The invention has the beneficial technical effects that: by installing the vibration acceleration sensor on the rear conveyor body, the collected vibration signals can directly reflect the specific state of the coal gangue on the top coal caving working face. On the basis, in order to meet the requirements of different fully mechanized caving working faces, the coal or gangue falling on the rear conveyor can be judged in real time, the coal caving action can be controlled according to the output result of the model, and the production efficiency of the coal mine is improved.
The invention also provides a computer device comprising a memory, a processor and a computer program stored on the memory and executable on the processor, wherein the processor implements the method when executing the computer program.

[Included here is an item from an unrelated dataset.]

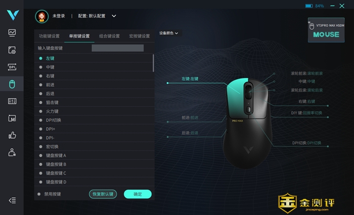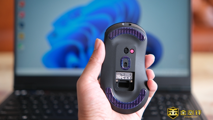 鼠标采用6+1按键方案,除传统左右键、侧键、滚轮、自定义键外,在机身底部还有一个DIY键,总体最多可支持9个自定义按键功能,

The present invention also provides a computer-readable storage medium storing a computer program for executing the above method.
As shown in fig. 7, the electronic device 600 may further include: communication module 110, input unit 120, audio processing unit 130, display 160, power supply 170. It is noted that the electronic device 600 does not necessarily include all of the components shown in fig. 7; furthermore, the electronic device 600 may also comprise components not shown in fig. 7, which may be referred to in the prior art.
As shown in fig. 7, the central processor 100, sometimes referred to as a controller or operational control, may include a microprocessor or other processor device and/or logic device, the central processor 100 receiving input and controlling the operation of the various components of the electronic device 600.
The memory 140 may be, for example, one or more of a buffer, a flash memory, a hard drive, a removable media, a volatile memory, a non-volatile memory, or other suitable device. The information relating to the failure may be stored, and a program for executing the information may be stored. And the central processing unit 100 may execute the program stored in the memory 140 to realize information storage or processing, etc.
The input unit 120 provides input to the cpu 100. The input unit 120 is, for example, a key or a touch input device. The power supply 170 is used to provide power to the electronic device 600. The display 160 is used to display an object to be displayed, such as an image or a character. The display may be, for example, an LCD display, but is not limited thereto.
The memory 140 may be a solid state memory such as Read Only Memory (ROM), Random Access Memory (RAM), a SIM card, or the like. There may also be a memory that holds information even when power is off, can be selectively erased, and is provided with more data, an example of which is sometimes called an EPROM or the like. The memory 140 may also be some other type of device. Memory 140 includes buffer memory 141 (sometimes referred to as a buffer). The memory 140 may include an application/function storage section 142, and the application/function storage section 142 is used to store application programs and function programs or a flow for executing the operation of the electronic device 600 by the central processing unit 100.
The memory 140 may also include a data store 143, the data store 143 for storing data, such as contacts, digital data, pictures, sounds, and/or any other data used by the electronic device. The driver storage portion 144 of the memory 140 may include various drivers of the electronic device for communication functions and/or for performing other functions of the electronic device (e.g., messaging application, address book application, etc.).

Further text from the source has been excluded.